Pressemeldung
vom 12.01.2010
Tatort Wiesenhof: Tierqual
in der Masthühnerhaltung systemimmanent – Deutscher
Tierschutzbund startet Kampagne
Durch
Videoaufnahmen (ausgestrahlt in Report Mainz am 11.1.2010) wurden
Verstöße gegen das Tierschutzgesetz in einer
Elterntierhaltung für Masthühner im
niedersächsischen Twistringen, Nähe Rechterfeld,
aufgedeckt. Das Unternehmen Wiesenhof (PHW Gruppe) hat die
Verstöße zugegeben und „personelle
Maßnahmen angekündigt“. Für den
Deutschen Tierschutzbund steht fest, die Vorfälle
mögen in der Schwere ein Einzelfall sein. Viele
Tierquälereien sowohl in der Elterntierhaltung als auch in der
Masthühnerhaltung sind jedoch systemimmanent. Europas
größte Tier- und Naturschutzorganisation
kündigt heute, kurz vor Beginn der Grünen Woche, den
Start einer Kampagne gegen diese Form der quälerischen
Intensivtierhaltung an.Zudem ruft der Deutsche Tierschutzbund zu einem
Boykott von Produkten der Wiesenhofgruppe und aus Intensivtierhaltung
auf.
Die Firma Wiesenhof wirbt vollmundig mit
gesunden Hühnern und weitgehenden Kontrollen bei der
Hühnerhaltung, angefangen bei der Haltung der Elterntiere, die
die eigentlichen Masthühner hervorbringen. Videoaufnahmen aus
einer solchen Elterntierfarm in Twistringen zeigen jedoch die traurige
Wahrheit: schwer verletzte Hühner, die auf ihrem eigenen Kot
liegen und tote Tiere im Stall. Brutal werfen Betreuer und Impftrupps
einzelne Hühner aus großer Höhe in Kisten.

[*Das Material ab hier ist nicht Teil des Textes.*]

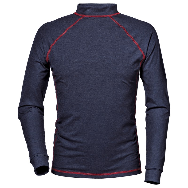 T-shirt ignifugé et antistatique à col montant rond et manches longues. Protège également contre la chaleur des arcs électriques. Coutures rouges contrastantes.

Auch diese Behältnisse mit den lebenden Tieren werden getreten
und geworfen. Dokumentiert wurde auch, wie ein Betreuer Hühner
hin und herschleudert, um ihnen das Genick zu brechen. Dies sind
allesamt schwere Verstöße gegen das
Tierschutzgesetz. Auch das Unternehmen Wiesenhof (PHW-Gruppe)
räumt inakzeptable Zustände ein und kündigt
neben personellen Konsequenzen zusätzliche Kontrollen an.
Wolfgang Apel, Präsident des Deutschen
Tierschutzbundes, dazu: „Der Name
‚Wiesenhof’ suggeriert heile Welt, aber das
Gegenteil ist der Fall, besser hieße es: Qualhof. Es ist
klar, dass eine Intensivhaltung der Hühner systemimmanente
Tierquälereien mit sich bringt, die auch eine noch so gute
Kontrolle nicht verhindert. Vorstandschef Wesjohann darf diesen Vorfall
nicht auf angeblich versagende Mitarbeiter abschieben.“
Masthühner
und Elterntiere leiden aufgrund der Zucht auf schnelles Wachstum unter
schmerzhaften Beinschäden. Die Tiere können zum Teil
kaum mehr laufen. Aufgrund der immer schmutziger werdenden Einstreu
entstehen schmerzhafte Entzündungen und Geschwüre an
den Fußballen. Darüber hinaus werden Elterntiere,
damit sie nicht so schwer werden, restriktiv gefüttert und
hungern. Die Zucht und die Haltung in den Intensivstallanlagen sind
bereits im Grundsatz ein Verstoß gegen das Tierschutzgesetz.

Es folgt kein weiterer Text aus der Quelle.